Water seems to flow freely on Mars

Dark streaks that hint at seasonally flowing water have been spotted near the equator of Mars. The potentially habitable oases are enticing targets for research. But spacecraft will probably have to steer clear of them unless the craft are carefully sterilized; a costly safeguard against interplanetary contamination that may rule out the sites for exploration.
 
River-like valleys attest to the flow of water on ancient Mars, but today the planet is dry and has an atmosphere that is too thin to support liquid water on the surface for long.
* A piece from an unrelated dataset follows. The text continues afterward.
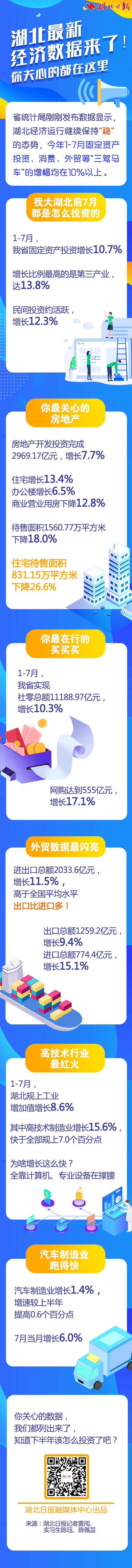 湖北省统计局19日发布最新经济数据显示,湖北经济运行继续保持“稳”的态势:工业增长稳中趋缓,投资结构持续优化,消费市场总体平稳,财政收入保持增长,金融物价总体稳定,进出口增长较快。今年1-7月固定资产投资、消费、外贸等“三驾马车”的增幅均在10%以上。

However, intriguing clues suggest that water may still run across the surface from time to time.
 
In 2011, for example, researchers who analysed images from NASA’s Mars Reconnaissance Orbiter (MRO) spacecraft observed dark streaks a few metres wide that appeared and lengthened at the warmest time of the year, then faded in cooler seasons, reappearing in subsequent years. "This behaviour is easy to understand if these are seeps of water," says planetary scientist Alfred McEwen of the University of Arizona in Tucson, who led that study. "Water will darken most soils."
 
The streaks, known as recurring slope lineae, initially were found at seven sites in Mars’s southern mid-latitudes. The water may have come from ice trapped about a metre below the surface; indeed, the MRO has spotted such ice in fresh impact craters at those latitudes.